**INFORMATION SUPPLIED:**
--

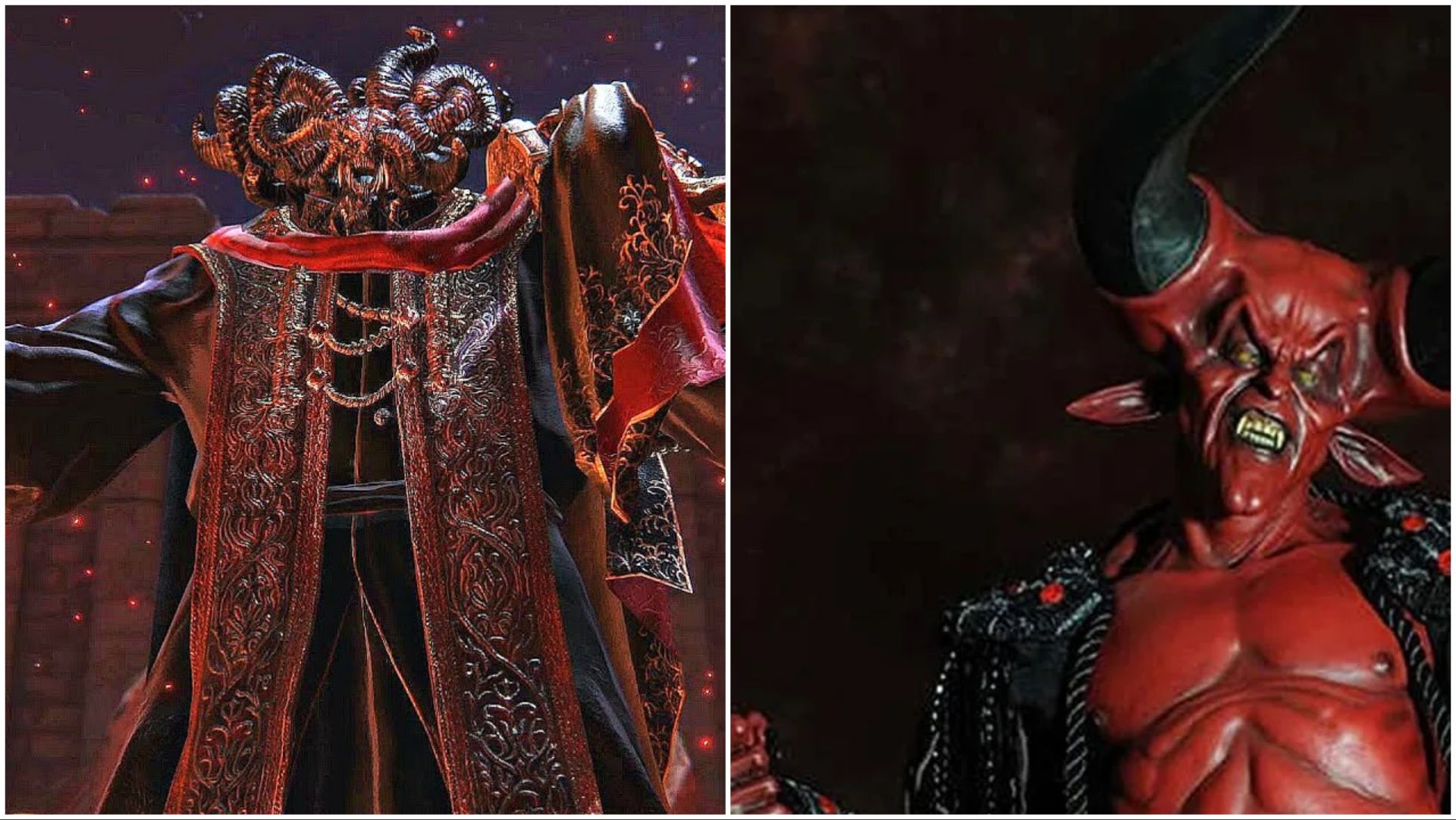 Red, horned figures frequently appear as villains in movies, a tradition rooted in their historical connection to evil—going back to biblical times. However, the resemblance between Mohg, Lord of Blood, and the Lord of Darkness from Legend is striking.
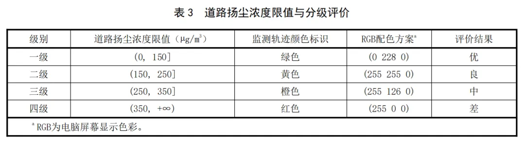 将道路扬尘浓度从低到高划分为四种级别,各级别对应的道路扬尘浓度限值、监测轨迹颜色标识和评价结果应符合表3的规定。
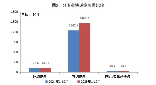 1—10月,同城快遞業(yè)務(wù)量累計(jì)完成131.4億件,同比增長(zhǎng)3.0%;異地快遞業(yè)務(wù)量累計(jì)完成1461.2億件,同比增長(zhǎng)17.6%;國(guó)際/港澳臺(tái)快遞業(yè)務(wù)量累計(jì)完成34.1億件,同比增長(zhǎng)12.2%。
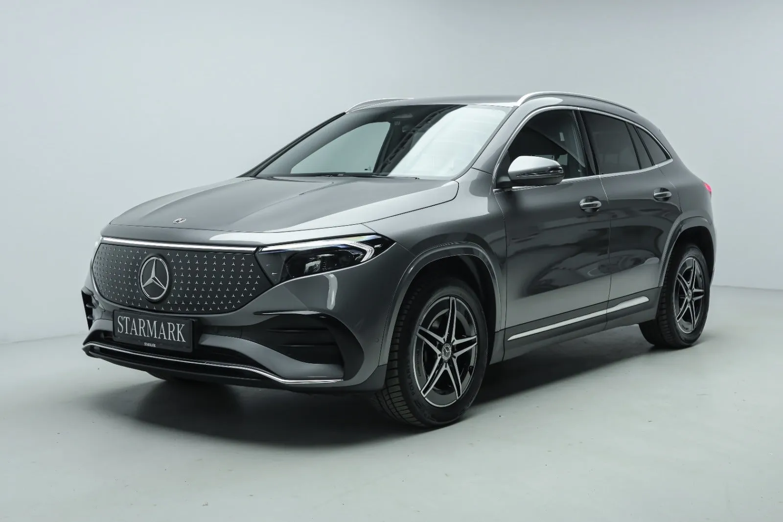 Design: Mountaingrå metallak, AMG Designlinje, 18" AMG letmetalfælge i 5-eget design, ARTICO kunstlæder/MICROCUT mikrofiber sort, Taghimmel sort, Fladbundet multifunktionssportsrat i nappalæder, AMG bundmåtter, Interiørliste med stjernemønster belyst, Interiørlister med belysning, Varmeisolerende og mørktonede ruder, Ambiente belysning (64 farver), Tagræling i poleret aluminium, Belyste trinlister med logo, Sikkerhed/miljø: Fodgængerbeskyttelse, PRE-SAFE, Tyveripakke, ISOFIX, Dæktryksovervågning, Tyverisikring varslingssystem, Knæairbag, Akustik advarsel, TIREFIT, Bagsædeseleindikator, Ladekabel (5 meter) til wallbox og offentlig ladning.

--

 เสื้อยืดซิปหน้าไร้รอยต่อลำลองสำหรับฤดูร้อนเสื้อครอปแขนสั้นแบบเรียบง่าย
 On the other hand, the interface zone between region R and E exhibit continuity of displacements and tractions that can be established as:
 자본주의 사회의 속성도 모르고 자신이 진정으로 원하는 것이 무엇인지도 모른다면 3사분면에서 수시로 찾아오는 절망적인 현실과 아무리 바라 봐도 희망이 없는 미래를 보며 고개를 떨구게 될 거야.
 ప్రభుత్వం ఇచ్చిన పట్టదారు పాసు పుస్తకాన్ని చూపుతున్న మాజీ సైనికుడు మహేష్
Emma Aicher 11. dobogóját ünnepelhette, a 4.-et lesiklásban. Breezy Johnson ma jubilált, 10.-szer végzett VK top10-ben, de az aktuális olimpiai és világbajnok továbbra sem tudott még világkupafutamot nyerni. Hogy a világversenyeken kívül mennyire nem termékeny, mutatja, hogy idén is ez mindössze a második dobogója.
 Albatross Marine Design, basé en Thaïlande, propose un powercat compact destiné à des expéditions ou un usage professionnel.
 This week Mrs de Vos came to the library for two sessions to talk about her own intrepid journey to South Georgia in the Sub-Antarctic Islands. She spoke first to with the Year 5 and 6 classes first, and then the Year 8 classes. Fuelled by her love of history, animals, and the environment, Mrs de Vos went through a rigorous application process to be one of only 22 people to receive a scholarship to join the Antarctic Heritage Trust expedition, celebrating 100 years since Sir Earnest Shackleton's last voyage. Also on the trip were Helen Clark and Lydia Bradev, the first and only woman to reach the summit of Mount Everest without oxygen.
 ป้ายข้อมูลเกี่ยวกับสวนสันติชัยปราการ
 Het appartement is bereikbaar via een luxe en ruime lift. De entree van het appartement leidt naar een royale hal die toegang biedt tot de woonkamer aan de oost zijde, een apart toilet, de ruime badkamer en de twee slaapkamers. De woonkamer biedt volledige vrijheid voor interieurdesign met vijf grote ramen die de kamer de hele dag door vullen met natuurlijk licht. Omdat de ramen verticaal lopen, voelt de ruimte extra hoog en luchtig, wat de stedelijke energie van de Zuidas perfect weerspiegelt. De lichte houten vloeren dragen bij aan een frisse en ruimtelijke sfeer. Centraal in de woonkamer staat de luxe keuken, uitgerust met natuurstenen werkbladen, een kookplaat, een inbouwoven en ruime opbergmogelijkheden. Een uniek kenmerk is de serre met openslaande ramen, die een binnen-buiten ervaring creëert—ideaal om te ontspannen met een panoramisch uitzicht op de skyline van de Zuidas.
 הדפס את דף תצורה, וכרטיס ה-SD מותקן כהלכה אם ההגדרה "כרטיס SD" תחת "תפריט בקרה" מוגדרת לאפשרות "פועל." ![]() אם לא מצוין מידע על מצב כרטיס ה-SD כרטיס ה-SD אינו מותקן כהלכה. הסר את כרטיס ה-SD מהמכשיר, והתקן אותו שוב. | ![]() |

--

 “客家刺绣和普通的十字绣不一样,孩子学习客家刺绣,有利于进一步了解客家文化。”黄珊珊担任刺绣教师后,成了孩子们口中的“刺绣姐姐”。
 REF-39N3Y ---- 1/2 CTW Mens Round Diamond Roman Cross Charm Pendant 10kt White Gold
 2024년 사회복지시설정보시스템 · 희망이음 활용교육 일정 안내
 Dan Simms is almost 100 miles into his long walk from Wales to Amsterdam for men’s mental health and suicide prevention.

--

**YOUR GOAL:**
Using the records above, copy word for word the line with "On the other", the line with "자본주의 사회의 속성도", and every line between them.

**OUTPUT OF THE TASK:**
 On the other hand, the interface zone between region R and E exhibit continuity of displacements and tractions that can be established as:
 자본주의 사회의 속성도 모르고 자신이 진정으로 원하는 것이 무엇인지도 모른다면 3사분면에서 수시로 찾아오는 절망적인 현실과 아무리 바라 봐도 희망이 없는 미래를 보며 고개를 떨구게 될 거야.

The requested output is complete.